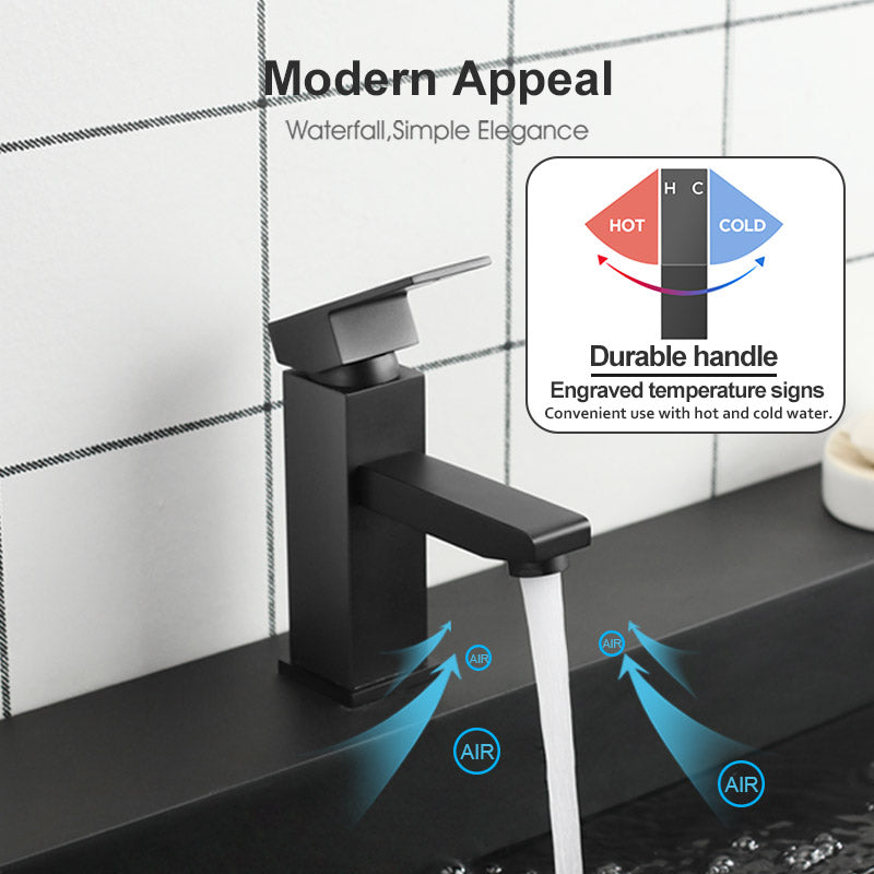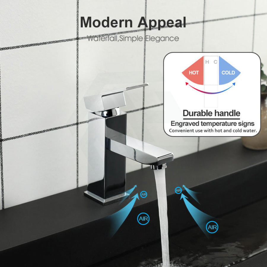 Introducing the Ottimo Solid Brass Square Basin Mixer Tap Vanity Tap in a variety of colors. Perfect for any modern bathroom, this tap is made of high-quality brass for long-lasting durability. Upgrade your vanity with this stylish and functional piece.
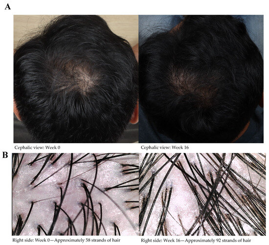 (A) Camera photos of the cephalic view of a participant treated with ECPE at weeks 0 and 16, and (B) trichoscopic images of the right side of the scalp of the same participant at weeks 0 and 16.
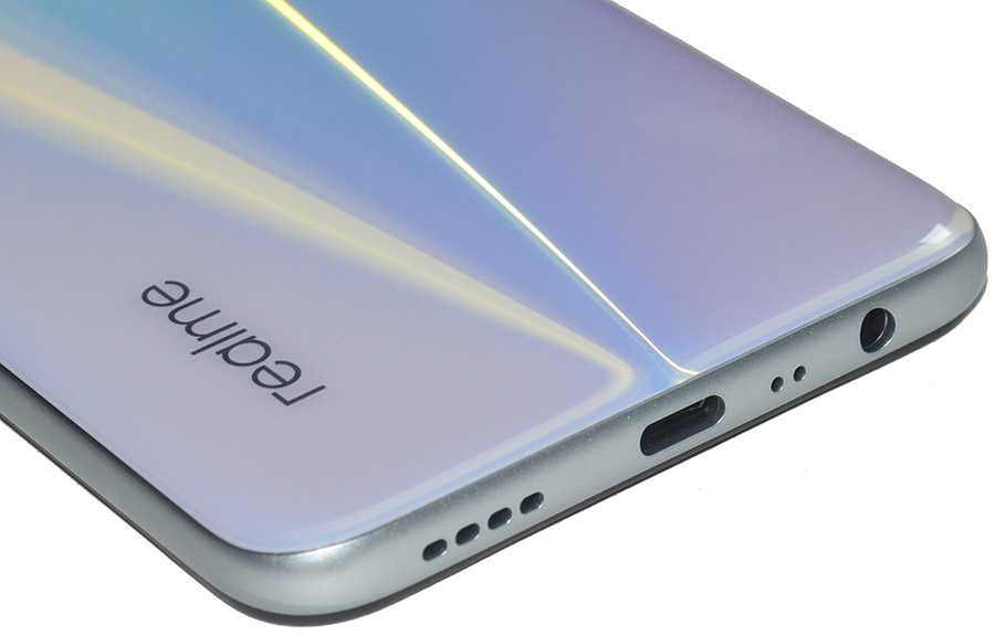 Рама по периметру окрашена в серебристый цвет и выглядит прямо как металлическая. Но увы — лишь выглядит, а по факту является пластиковой. С другой стороны — в этом сегменте металл производителями уже давненько не применяется, так что вменять Realme в вину данный факт мы, пожалуй, не будем.
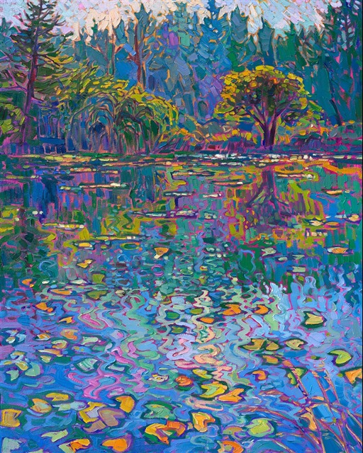 Erin devoted three years to perfecting the technology of 3D art printing in a quest to create a fine art print that captured her vibrant colors and reproduced the texture crucial to her artistic vision. The rhythms of texture in her luscious, impasto oil paintings communicate the movement and joy she finds in nature.

--------------------------------

[The problem] Please quote the lines of the material, beginning with the first and ending with the one that contains "(A) Camera photos", exactly as written and without any pictures.

[Response below]
 Introducing the Ottimo Solid Brass Square Basin Mixer Tap Vanity Tap in a variety of colors. Perfect for any modern bathroom, this tap is made of high-quality brass for long-lasting durability. Upgrade your vanity with this stylish and functional piece.
 (A) Camera photos of the cephalic view of a participant treated with ECPE at weeks 0 and 16, and (B) trichoscopic images of the right side of the scalp of the same participant at weeks 0 and 16.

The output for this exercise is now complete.